Industry officials explained the strategic shift underway in AI competition:

"In the past, the key was developing a better model. Now, the ability to secure high-quality data, service experience and the infrastructure to support them is emerging as a decisive factor," said a Naver official.

Naver Official

This statement captures why Huang and Altman are both interested in Naver. The company isn't just a technology vendor; it's a platform that generates the exact type of data that modern AI systems need to improve and remain competitive.

How Are Global AI Companies Approaching Data Strategy?

Industry observers note that Nvidia and OpenAI appear to have different but complementary interests in Naver. Nvidia seems to view Naver as an AI infrastructure partner, while OpenAI may see potential in Naver's data and service ecosystem. This distinction reveals how the AI industry is fragmenting into different strategic approaches:

  • Infrastructure Play: Nvidia is positioning itself as the technology backbone, providing the chips and frameworks that power AI systems, while partnering with companies like Naver that have the infrastructure to deploy them at scale.
  • Data and Services Play: OpenAI appears focused on securing access to diverse, high-quality data sources and consumer-facing platforms where AI can be applied directly to real user problems.
  • Naver's Integrated Strength: Naver combines AI models, data assets, services, and infrastructure in a single company, making it attractive to both approaches and positioning it as a potential leader in what the company calls "product-native LLM" strategy.

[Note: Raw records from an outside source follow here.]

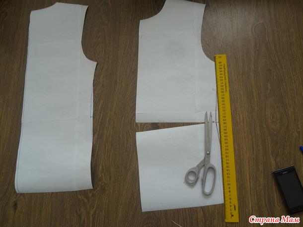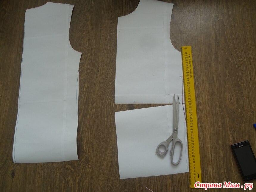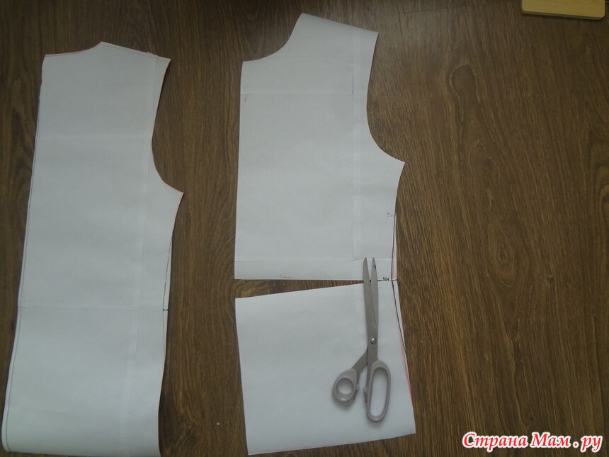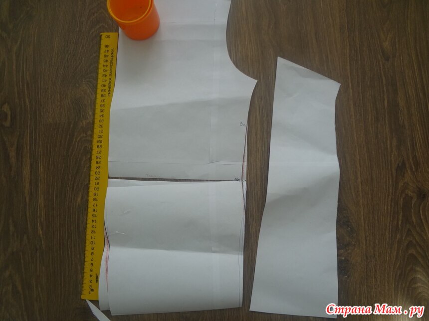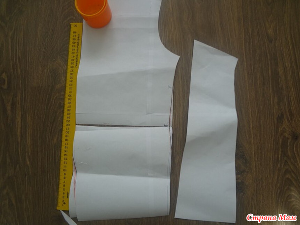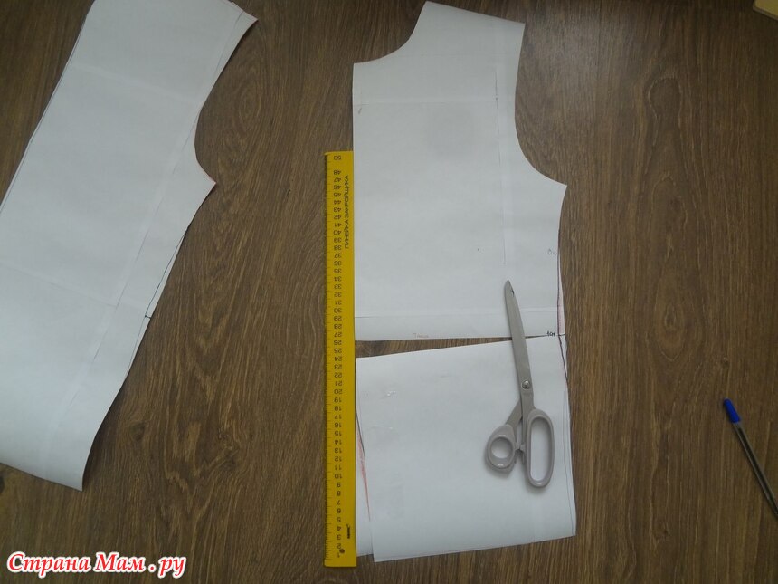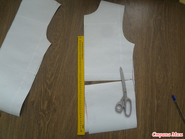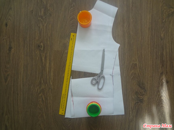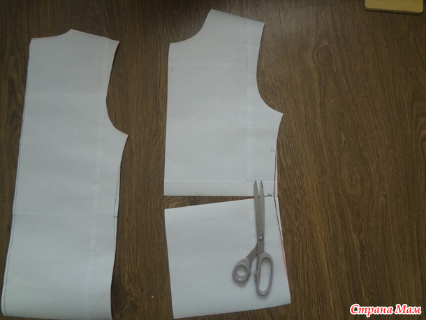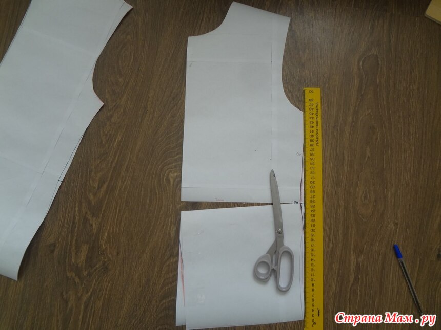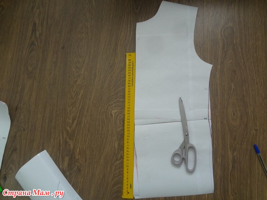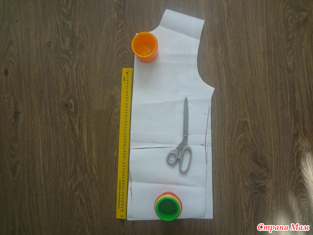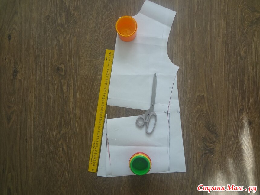 Ровняем по нижней точке проймы и выдвигаем этот кусочек бумаги на 1 см (КР/2).
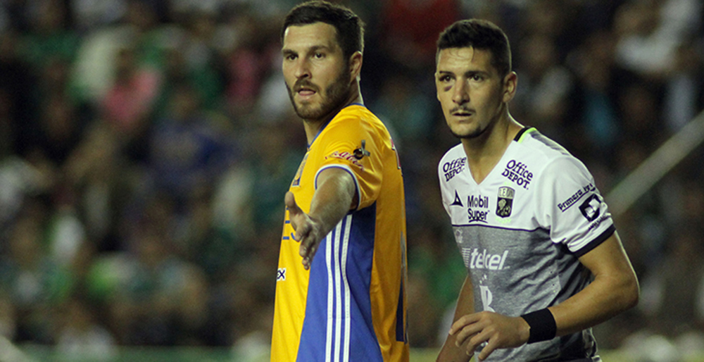 Andre-Pierre Gignac (izquierda) anotó el único gol en la victoria de Tigres sobre León en el partido de ida de las semifinales la Liga MX el 30 de noviembre 2016. (Foto: Manuel Montoya / Straffon Images)
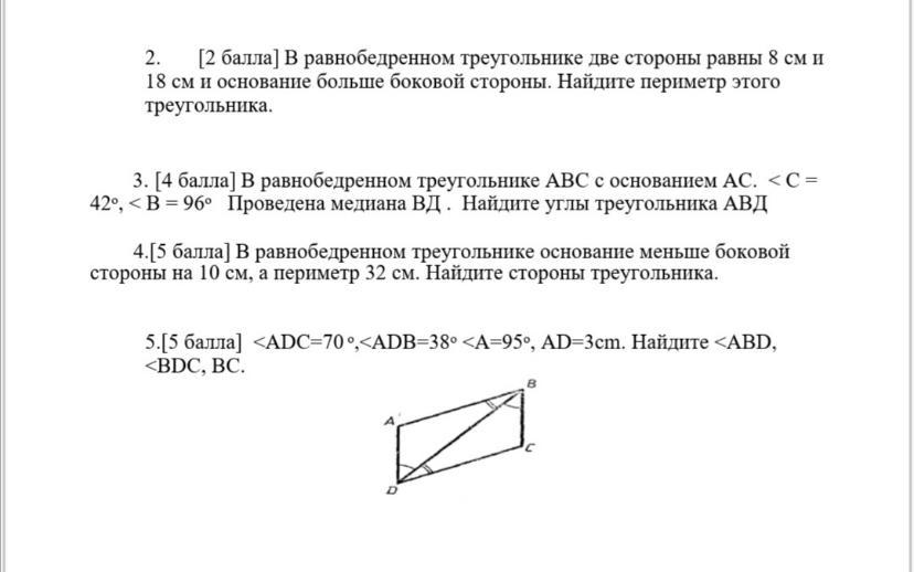 3. Медиана, проведённая в равнобедренном треугольнике также является его биссектрисой и высотой, следовательно угол АВД равен половине от угла В.
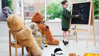I remember forcing my poor sister, dog and stuffed animals sit in chairs as I "taught" them on my chalkboard. My Mom even bought me old textbooks to use in my teaching endeavors.
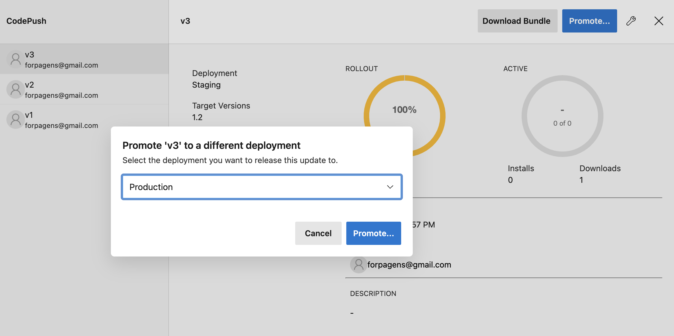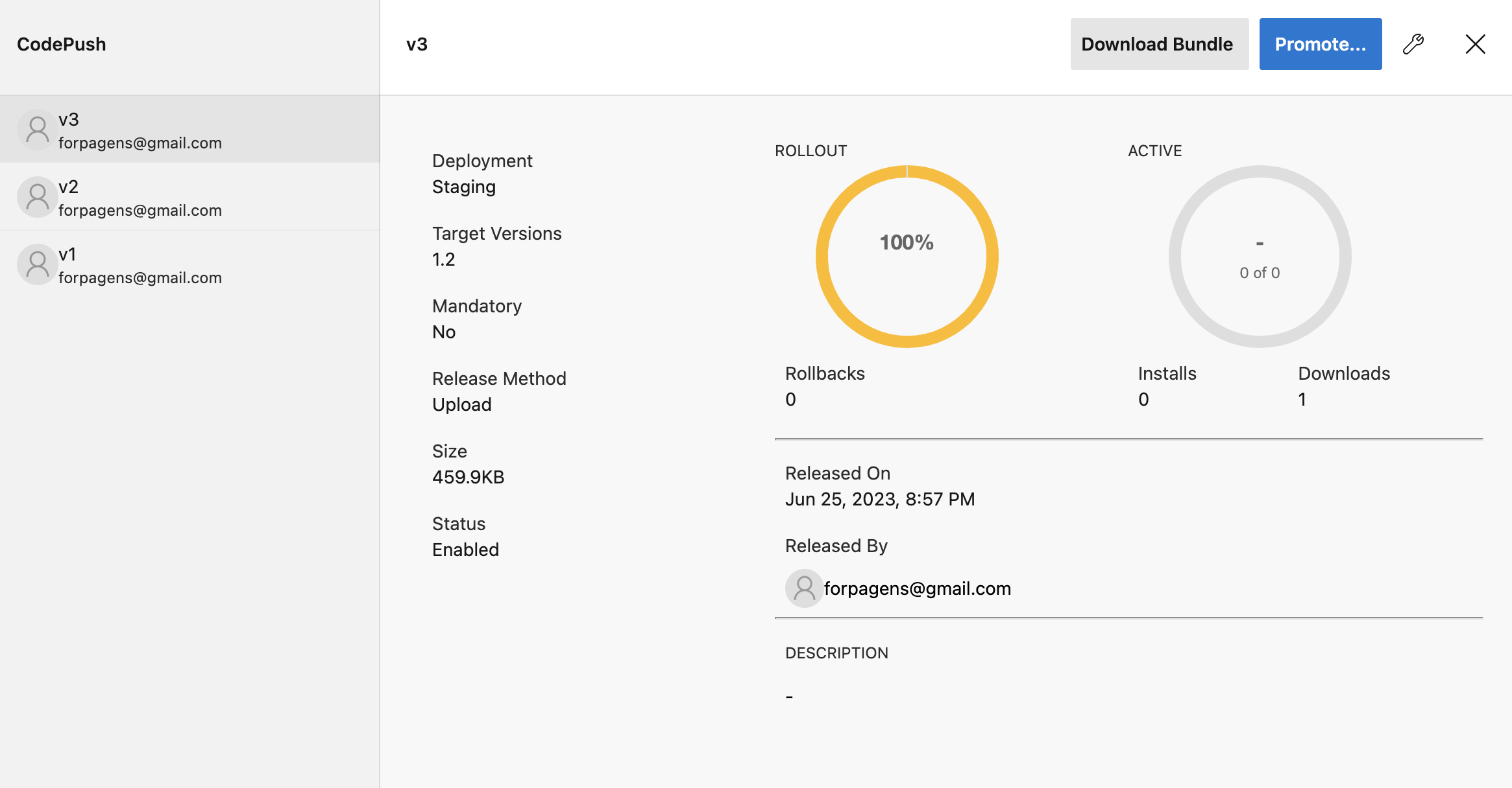 새 release를 production development로 promote 시켜주어야 합니다. promote하고자 하는 release를 클릭하면 아래의 화면을 확인할 수 있습니다.

Naver's "product-native LLM" strategy involves optimizing AI for specific services such as search, shopping, maps, and reservations rather than relying only on a single general-purpose model. This approach allows the company to tailor AI capabilities to the unique needs of each service, potentially creating more effective and user-friendly AI experiences than generic models can provide.

The company is also expanding AI search into agentic AI services, where AI does not simply answer a user's question but can help complete tasks such as reservations and purchases. This represents a significant evolution from traditional search, where users get information, to a new model where AI actively helps users accomplish their goals.

What Does This Mean for the Broader AI Industry?

The simultaneous visits by Huang and Altman signal that the AI industry's competitive landscape is maturing beyond the "who has the best model" phase. As one industry official noted, "Naver's combined strength in AI models, data, services and infrastructure is attracting attention from global AI companies". This suggests that future AI dominance may depend less on raw computing power or model sophistication and more on access to real-world data and the ability to deploy AI in consumer-facing applications.

Meanwhile, the broader AI infrastructure buildout continues globally. KKR, Nvidia, the Kuwait Investment Authority, and power company Vistra have launched Helix Digital Infrastructure, a new company backed by more than $10 billion in capital to build AI infrastructure for hyperscalers. Former Amazon Web Services CEO Adam Selipsky will lead Helix as CEO, with Nvidia acting as a strategic technology partner supporting deployments based on its AI factory architecture. This parallel development shows that while data and services are becoming critical, the underlying infrastructure investment remains enormous and essential.

Huang's recent activities demonstrate that Nvidia is pursuing a dual strategy: building the foundational infrastructure that AI systems require while also partnering with companies that have the data and services to make that infrastructure valuable. The Seoul visits by both Huang and Altman suggest that South Korea, and Naver specifically, has become a key battleground in this new phase of AI competition.